----- Study material
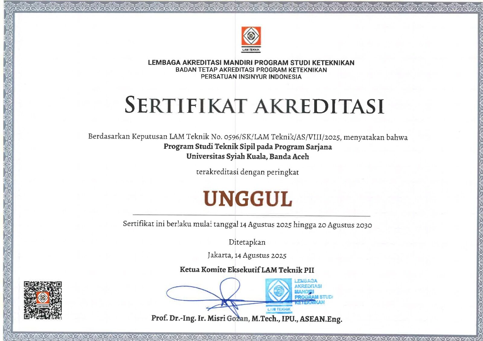 Banda Aceh – Fakultas Teknik Universitas Syiah Kuala (USK) kembali menorehkan prestasi akademik yang membanggakan. Tiga program studi di lingkungan Fakultas Teknik berhasil meraih capaian akreditasi dari Lembaga Akreditasi Mandiri Teknik (LAM Teknik) dengan hasil yang sangat baik. Berdasarkan hasil asesmen akreditasi yang telah diumumkan, Program Studi Magister Teknik Sipil (S2) dan Magister Teknik Kimia […]
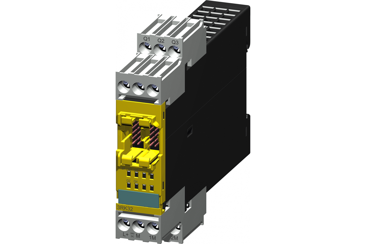 SIRIUS, блок расширения 3RK32 для модульной системы безопасности 3RK3 4 Оу-ЦВых, 24 В DC/2 A возможность параметрирования на MSS ES Установочная ширина 22,5 мм Винтовые зажимы до SIL3 (МЭК 61508) до уровня производительности E (ISO 13849-1) без соединительного кабеля
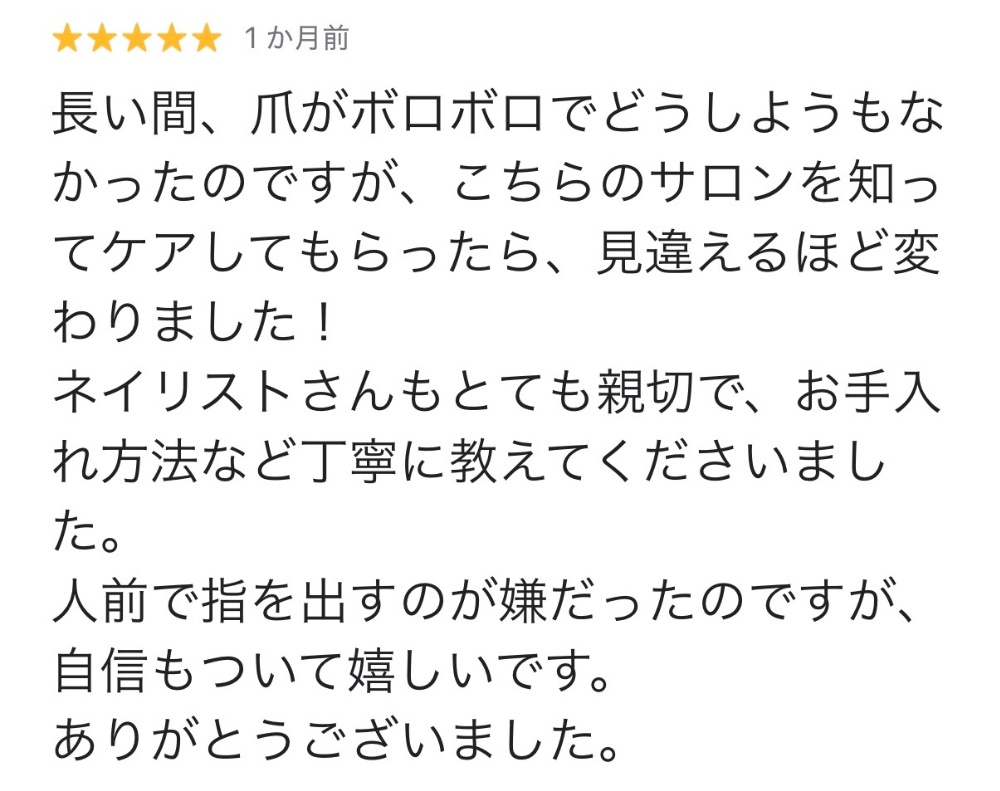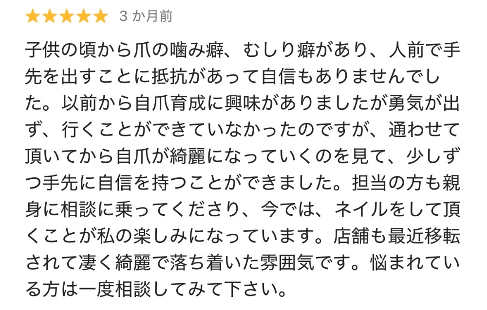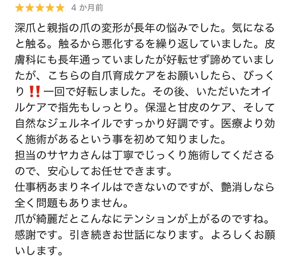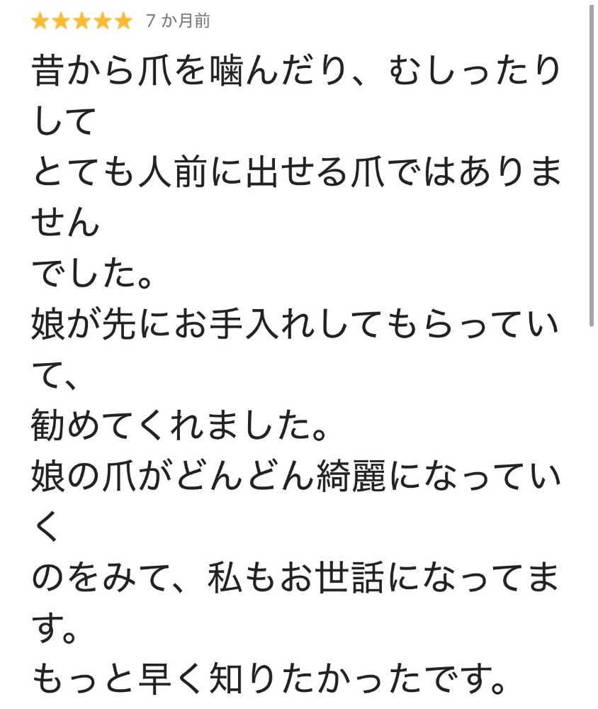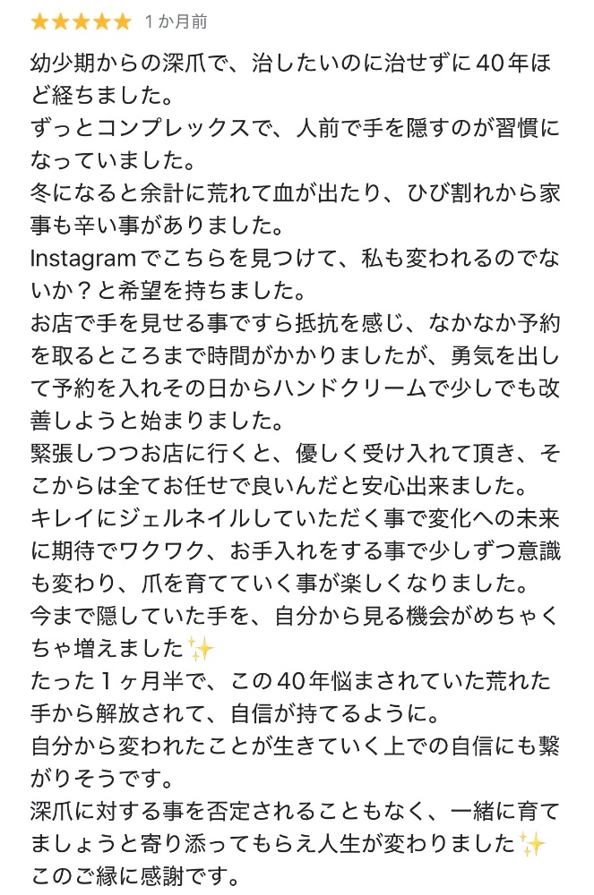 長い間、深爪に悩んでいたお客様
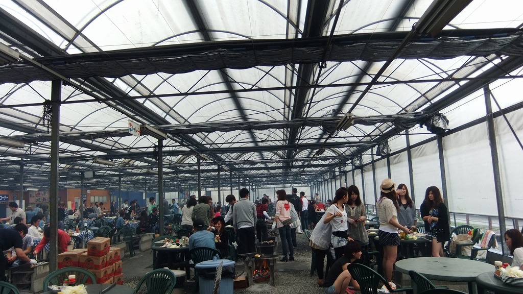 雨が振り込むから、巻き上げたビニールが降ろされて雨風を防いでる。でもそれが良くない。熱風の逃げ場がない。暑くてたまらない。
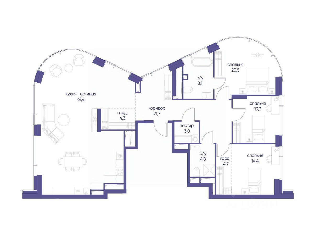 В престижном районе Пресня, на перекрестке делового и исторического центров Москвы, продается трехкомнатная квартира площадью 162.30 кв. м без отделки. Квартира находится на 45 этаже 48-этажного дома, в новом элитном жилом комплексе "Начало" от девелопера "Донстрой". Реализация проекта запланирована на 1 квартал 2030 года.
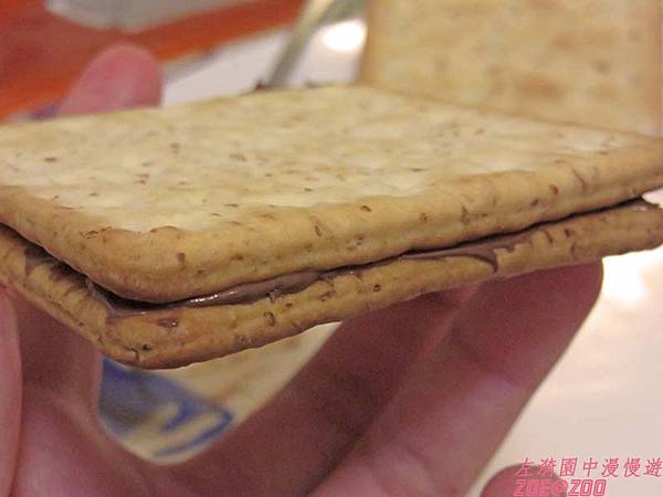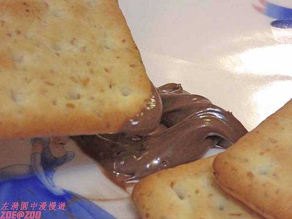 ↑哎呀~其實是換湯不換藥的榛果可可夾心式甜點啦!法國餅換成了蘇打餅乾,又有另番滋味。建議不要使用鹹度明顯、味道過重的蘇打餅乾,不然兩個味道正面衝突,就吃不出來榛果可可醬的美味了。
----------
About this task: An exact copy of the listing above is to be set down, with no pictures in it.

Answer section:
 Banda Aceh – Fakultas Teknik Universitas Syiah Kuala (USK) kembali menorehkan prestasi akademik yang membanggakan. Tiga program studi di lingkungan Fakultas Teknik berhasil meraih capaian akreditasi dari Lembaga Akreditasi Mandiri Teknik (LAM Teknik) dengan hasil yang sangat baik. Berdasarkan hasil asesmen akreditasi yang telah diumumkan, Program Studi Magister Teknik Sipil (S2) dan Magister Teknik Kimia […]
 SIRIUS, блок расширения 3RK32 для модульной системы безопасности 3RK3 4 Оу-ЦВых, 24 В DC/2 A возможность параметрирования на MSS ES Установочная ширина 22,5 мм Винтовые зажимы до SIL3 (МЭК 61508) до уровня производительности E (ISO 13849-1) без соединительного кабеля
 長い間、深爪に悩んでいたお客様
 雨が振り込むから、巻き上げたビニールが降ろされて雨風を防いでる。でもそれが良くない。熱風の逃げ場がない。暑くてたまらない。
 В престижном районе Пресня, на перекрестке делового и исторического центров Москвы, продается трехкомнатная квартира площадью 162.30 кв. м без отделки. Квартира находится на 45 этаже 48-этажного дома, в новом элитном жилом комплексе "Начало" от девелопера "Донстрой". Реализация проекта запланирована на 1 квартал 2030 года.
 ↑哎呀~其實是換湯不換藥的榛果可可夾心式甜點啦!法國餅換成了蘇打餅乾,又有另番滋味。建議不要使用鹹度明顯、味道過重的蘇打餅乾,不然兩個味道正面衝突,就吃不出來榛果可可醬的美味了。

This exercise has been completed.